- Citizenship: Dutch
- Education: Computing Science Institute, Nijmegen (Ph.D.); Radboud University Nijmegen (M.Sc.);
- Awards: ICALP 2003, best paper; EASST 2016, best paper; AAAI 2022, best paper; CONCUR 2022, test-of-time;
- Scientific career
- Fields: Computer Science; Risk Management; Predictive maintenance; Model checking;
- Workplaces: University of Twente (faculty); Radboud University Nijmegen (faculty); University of California, Santa Cruz (postdoc);
- Website: wwwhome.ewi.utwente.nl/~marielle/

= Mariëlle Stoelinga =

Dutch computer scientist and full professor

Mariëlle I. A. Stoelinga is a Dutch computer scientist based in the Netherlands. She is full professor of Risk Management for High Tech Systems in the Formal Methods & Tools Group at the University of Twente, Enschede, the Netherlands and holds a partial appointment as a full professor in the Software Science department at the Radboud University, Nijmegen. She is also director of Life Long Learning at the Faculty of Electrical Engineering, Mathematics and Computer Science, at the University of Twente.

== Education ==
Stoelinga obtained her degree in Mathematics & Computer Science at the University of Nijmegen, with a specialization in foundations of mathematics and computer science. Her Master’s thesis covered the topic of Exact Representations of and Computability on Real Numbers, under the supervision of Erik Barendsen and Henk Barendregt.

In 2001 she obtained her PhD at the Computing Science Institute in Nijmegen, the Netherlands, supervised by Frits Vaandrager, with a thesis titled: Alea Jacta est: Verification of Probabilistic, Real–Time and Parametric Systems.

== Research ==

Mariëlle Stoelinga in a public lecture on Risk Management

Stoelinga main area of research deals with quantitative risk assessment methods to ensure that the risks associated with high technology systems are within acceptable limits. She develops techniques for analyzing, predicting and improving the reliability of complex systems using fault trees, model-based testing and architectural reliability modelling.
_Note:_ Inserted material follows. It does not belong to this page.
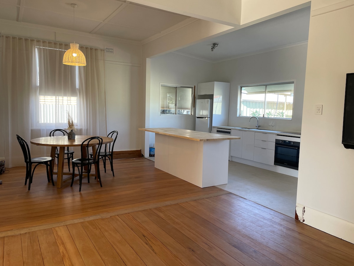 Opustite se u ovoj mirnoj seoskoj kući u gradu Broken Hilu, koji je pod zaštitom države, a koja je savršena za parove, porodice, putnike ili poslovne putnike. Bezbjedno parkirajte van ulice u garaži, sa prostorom za više vozila, kamp-prikolice ili velika vozila u dvorištu. Opustite se u električnim foteljama sa priključcima za punjenje, uživajte u brzom Wi-Fi mrežom, televizorima sa striming uslugama, udobnim krevetima i modernom, osvježavajućem tušu. Opustite se u zatvorenom prostoru ili prošetajte vrtom kako biste ubrali sezonsko voće sa stabala jabuka, šljiva, mandarina, marakuje i jagoda.

A distinguishing feature of techniques developed by Stoelinga is compositionality, as she derives the risk profile of a complex system from the risk profiles of its components, using techniques from model checking.

This approach is applied in the field of predictive maintenance and on the interactions between safety and (cyber)security, as testified by her recently granted projects: PrimaVera, CAESAR and ZORRO.

== Career ==
From December 2001 to April 2004, Stoelinga worked as a Post-doc researcher in Computer Engineering at the University of California, Santa Cruz, USA, with Prof. Luca de Alfaro.

From August 2005 to September 2005 she was a visiting researcher at the University of California, Santa Cruz, and starting May 2004 she was an assistant professor in the Formal Methods & Tools Group, at the University of Twente, where she now holds a full professor position alongside a partial appointment as a full professor at the Radboud University, Nijmegen, in the Software Science department.

In 2019, she received a substantial grant from the Dutch Research Council (NWO). She also received an ERC Consolidator Grant from the European Research Council. With the NWO grant, she is leading a team of industrialists and academics to better integrate the various steps in predictive maintenance. With the ERC grant, Stoelinga is developing new methods for better and more integrated assessment of safety and (cyber)security. Furthermore, Stoelinga recently received another grant from the Dutch Research Council (NWO) for the ZORRO Project: Engineering for Zero Downtime in Cyber-Physical Systems via Intelligent Diagnostics.